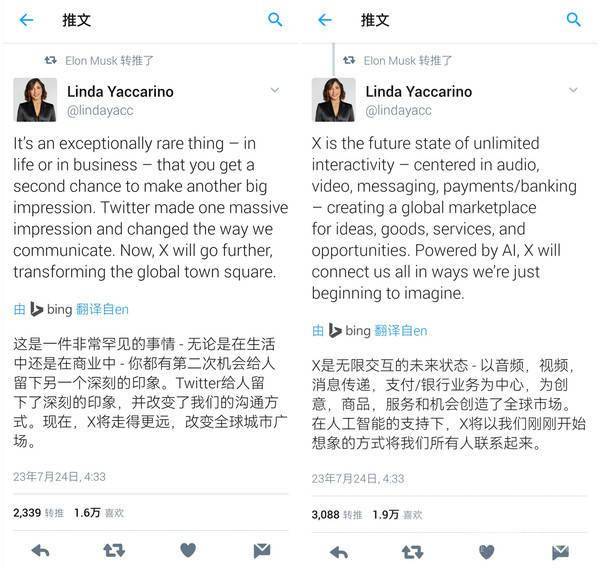 “这种转变绝对没有限制。X将是一个可以交付....一切的平台。马斯克和我期待着与我们的团队和每一位合作伙伴一起将X带到世界上。”
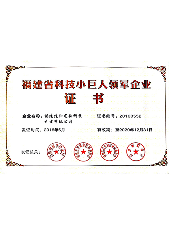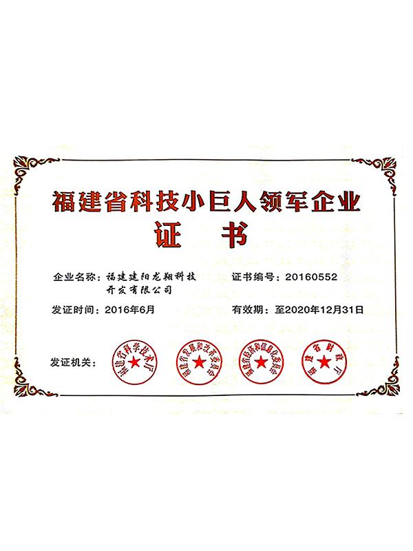 福建省科技小巨人領軍企業(yè)證書
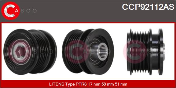 CASCO Riemenscheibe, Generator CCP92112AS Universal 58mm für CHRYSLER IKA 4861513AA 4861513AB 4861513AC
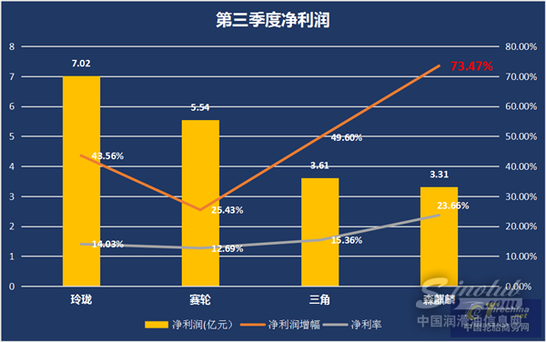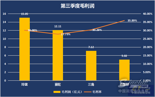 从上表我们看出,森麒麟在净利润和毛利润的绝对值上虽还未达到玲珑、赛轮的规模,但各项数据的增幅却都位居第一。其中第三季度净利润的增长率更是达到了73.47%。可以说在第三季度的轮胎财报中,森麒麟这份答卷异常的靓丽耀眼。
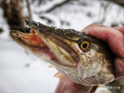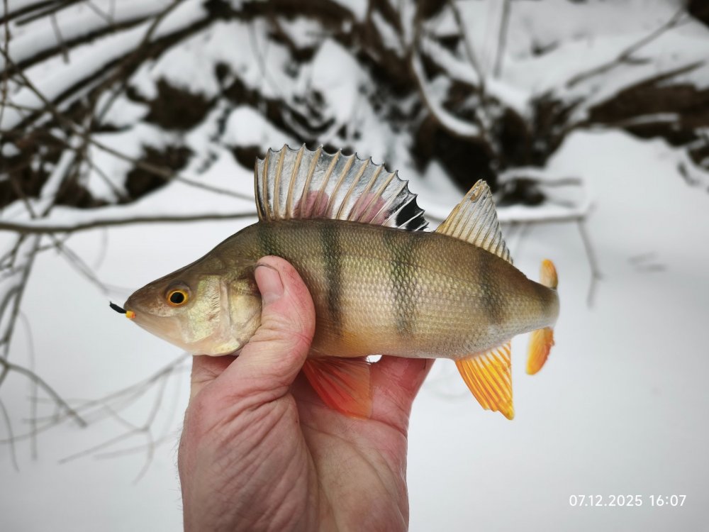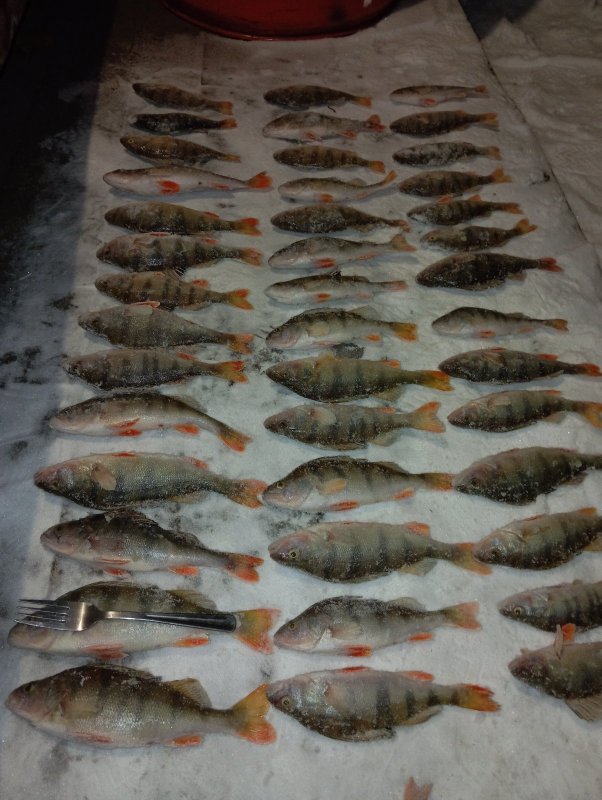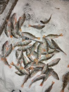 На лёд мы вышли в районе 16 час. Папа разбурил ямку и первая же лунка начала выдавать поклёвки.Такое большое количество судачих поклевок я давно не помню. На яме видно было неплохое количество судака. У папы был один обрыв - леска пойманую рыбу не выдержала, смог протащить ее только пару метров. У меня была похожая ситуация - клюнул судачек на грам 500, начала тащить, чувствую - удар, кто-то его тянет обратно и свою пойманую рыбу просто выдираю из чей-то пасти. Когда вытащила с лунки он был весь ободранный, кто-то проглотил его целиком.
::::
**WORK REQUIRED**
If a picture appears among the entries, omit it and reproduce everything else exactly.

**ANSWER TO THIS PROBLEM**
 “这种转变绝对没有限制。X将是一个可以交付....一切的平台。马斯克和我期待着与我们的团队和每一位合作伙伴一起将X带到世界上。”
 福建省科技小巨人領軍企業(yè)證書
 CASCO Riemenscheibe, Generator CCP92112AS Universal 58mm für CHRYSLER IKA 4861513AA 4861513AB 4861513AC
 从上表我们看出,森麒麟在净利润和毛利润的绝对值上虽还未达到玲珑、赛轮的规模,但各项数据的增幅却都位居第一。其中第三季度净利润的增长率更是达到了73.47%。可以说在第三季度的轮胎财报中,森麒麟这份答卷异常的靓丽耀眼。
 На лёд мы вышли в районе 16 час. Папа разбурил ямку и первая же лунка начала выдавать поклёвки.Такое большое количество судачих поклевок я давно не помню. На яме видно было неплохое количество судака. У папы был один обрыв - леска пойманую рыбу не выдержала, смог протащить ее только пару метров. У меня была похожая ситуация - клюнул судачек на грам 500, начала тащить, чувствую - удар, кто-то его тянет обратно и свою пойманую рыбу просто выдираю из чей-то пасти. Когда вытащила с лунки он был весь ободранный, кто-то проглотил его целиком.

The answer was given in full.